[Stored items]
################
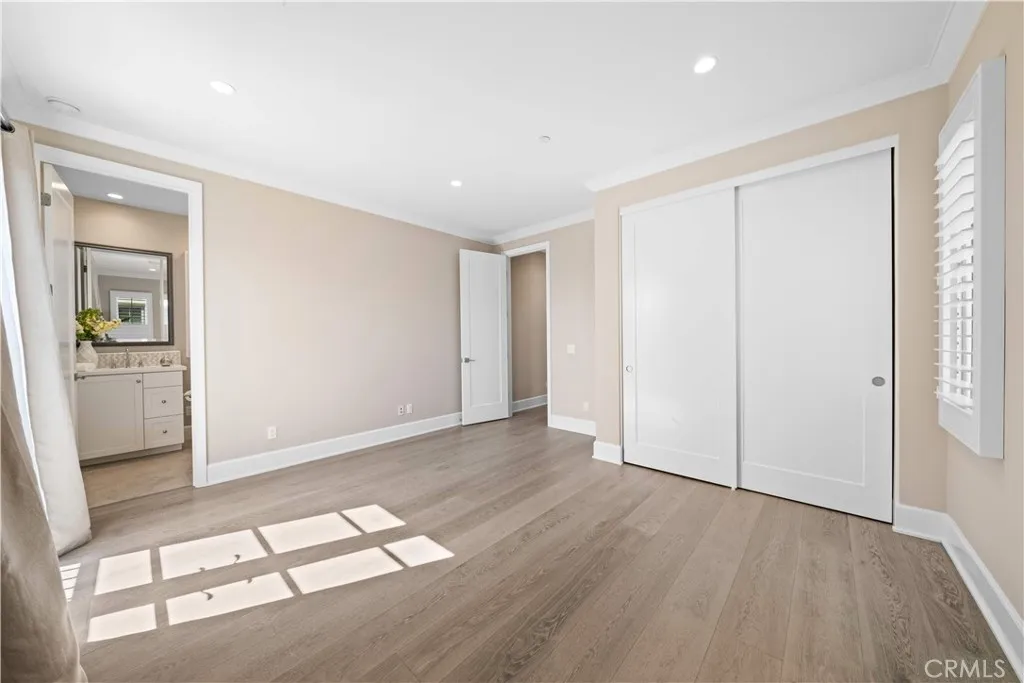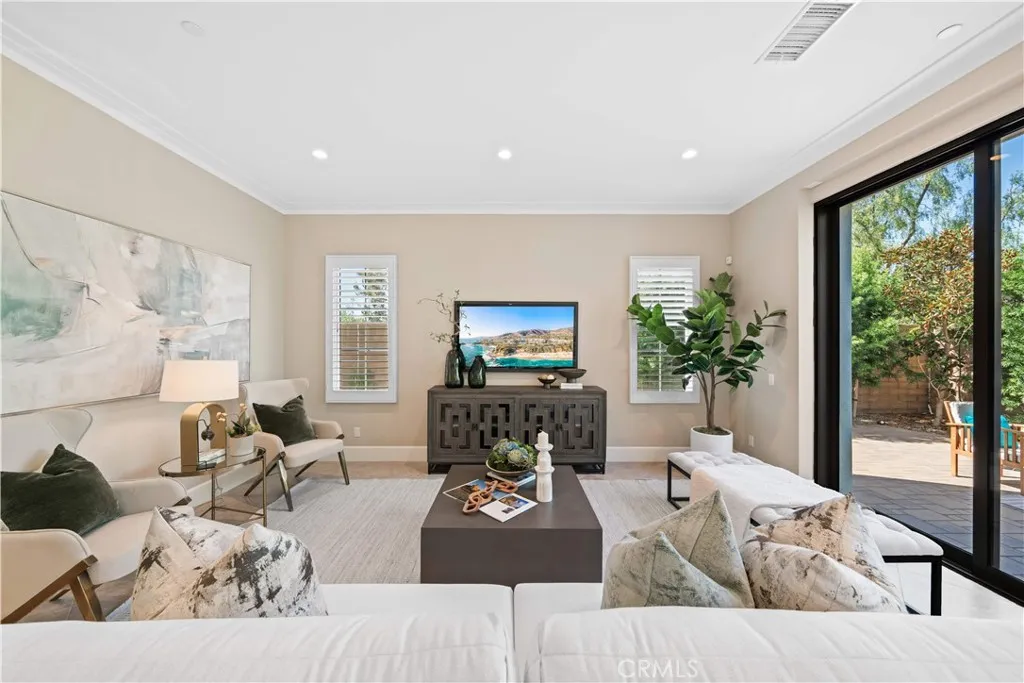 Tucked away on a premium corner lot with no neighbors on three sides, this beautifully upgraded 4-bedroom, 4-bathroom home offers both privacy and elevated living in one of Irvines most desirable communities. Designed with comfort and flexibility in mind, the open-concept main level features a bedroom with a full bath, ideal for guests or multi-generational living, along with a spacious great room and a chef-inspired kitchen showcasing quartz countertops, designer backsplash, and custom cabinetry. Upstairs, the home continues to impress with a generous primary suite, two additional en-suite bedrooms, and a versatile loft perfect for a home office, media space, or playroom. Throughout the home, thoughtful upgrades include engineered hardwood flooring upstairs, premium tile and fixtures, plantation shutters, whole-house water filtration, and a security system. Enjoy sweeping mountain and city views from the upper levelon clear nights, even catch a glimpse of Disneylands fireworks from the comfort of home. The spacious side yard offers ample room for outdoor entertaining and gardening. Set within a resort-style community featuring a pool, spa, clubhouse, parks, and walking trails, and located in the award-winning Northwood High School district, this exceptional home offers the perfect blend of location, layout, and lifestyle.
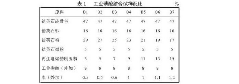 試驗(yàn)采用的主要原料有:鋯英石磚骨料(0~3mm)、鋯英石砂(80~150目)、鋯英石粉(≤0.045mm)、鋯英石微粉(≤0.002mm)、再生電熔鋯剛玉粉(≤0.045mm)、工業(yè)磷酸(85%)。其配比方法見下表1;
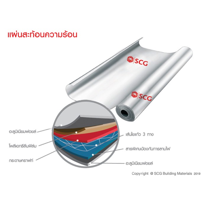 แผ่นสะท้อนความร้อน เอสซีจี ป้องกันบ้านร้อนได้ตรงจุดด้วยการสกัดร้อน สะท้อนกลับ สามารถสะท้อนรังสีความร้อนได้สูงถึง 95% และเพิ่มความแข็งแรงด้วยเส้นใยแก้ว 3 ทาง ไม่ฉีกขาดง่าย เหมาะสำหรับหลังคา เอสซีจี ทุกรุ่น
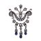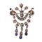 Antica spilla in oro bianco e argento a tre pendenti con zaffiri
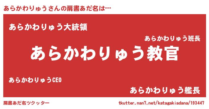 | 男性向けラノベタイトル風あだ名 | 『この素晴らしい世界にあらかわりゅうを!』 |
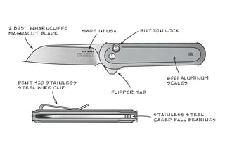 The Wells is 100% made in the USA, joining The Kline and The Anzick in our ever-expanding line of domestically made knives and tools. We know it’s important to you and it’s important to us too. The Wells features a button-lock for security and ease of use. The flipper tab design means that The Wells is easily and quickly deployed with just a flick of the finger; it’s a fast and easy one-handed deployment, every time. The fidget factor with a flipper is also off the charts. You’ll never be able to put this one down. The formed wire pocket clip makes for easy and secure in-pocket carry. The caged, stainless steel bearings enable a buttery smooth deployment every time. The scales are aerospace-grade 6061 aluminum.
################
[Exercise requirements] Reproduce every entry word for word, but skip any pictures.

[Result of this exercise]
 Tucked away on a premium corner lot with no neighbors on three sides, this beautifully upgraded 4-bedroom, 4-bathroom home offers both privacy and elevated living in one of Irvines most desirable communities. Designed with comfort and flexibility in mind, the open-concept main level features a bedroom with a full bath, ideal for guests or multi-generational living, along with a spacious great room and a chef-inspired kitchen showcasing quartz countertops, designer backsplash, and custom cabinetry. Upstairs, the home continues to impress with a generous primary suite, two additional en-suite bedrooms, and a versatile loft perfect for a home office, media space, or playroom. Throughout the home, thoughtful upgrades include engineered hardwood flooring upstairs, premium tile and fixtures, plantation shutters, whole-house water filtration, and a security system. Enjoy sweeping mountain and city views from the upper levelon clear nights, even catch a glimpse of Disneylands fireworks from the comfort of home. The spacious side yard offers ample room for outdoor entertaining and gardening. Set within a resort-style community featuring a pool, spa, clubhouse, parks, and walking trails, and located in the award-winning Northwood High School district, this exceptional home offers the perfect blend of location, layout, and lifestyle.
 試驗(yàn)采用的主要原料有:鋯英石磚骨料(0~3mm)、鋯英石砂(80~150目)、鋯英石粉(≤0.045mm)、鋯英石微粉(≤0.002mm)、再生電熔鋯剛玉粉(≤0.045mm)、工業(yè)磷酸(85%)。其配比方法見下表1;
 แผ่นสะท้อนความร้อน เอสซีจี ป้องกันบ้านร้อนได้ตรงจุดด้วยการสกัดร้อน สะท้อนกลับ สามารถสะท้อนรังสีความร้อนได้สูงถึง 95% และเพิ่มความแข็งแรงด้วยเส้นใยแก้ว 3 ทาง ไม่ฉีกขาดง่าย เหมาะสำหรับหลังคา เอสซีจี ทุกรุ่น
 Antica spilla in oro bianco e argento a tre pendenti con zaffiri
 | 男性向けラノベタイトル風あだ名 | 『この素晴らしい世界にあらかわりゅうを!』 |
 The Wells is 100% made in the USA, joining The Kline and The Anzick in our ever-expanding line of domestically made knives and tools. We know it’s important to you and it’s important to us too. The Wells features a button-lock for security and ease of use. The flipper tab design means that The Wells is easily and quickly deployed with just a flick of the finger; it’s a fast and easy one-handed deployment, every time. The fidget factor with a flipper is also off the charts. You’ll never be able to put this one down. The formed wire pocket clip makes for easy and secure in-pocket carry. The caged, stainless steel bearings enable a buttery smooth deployment every time. The scales are aerospace-grade 6061 aluminum.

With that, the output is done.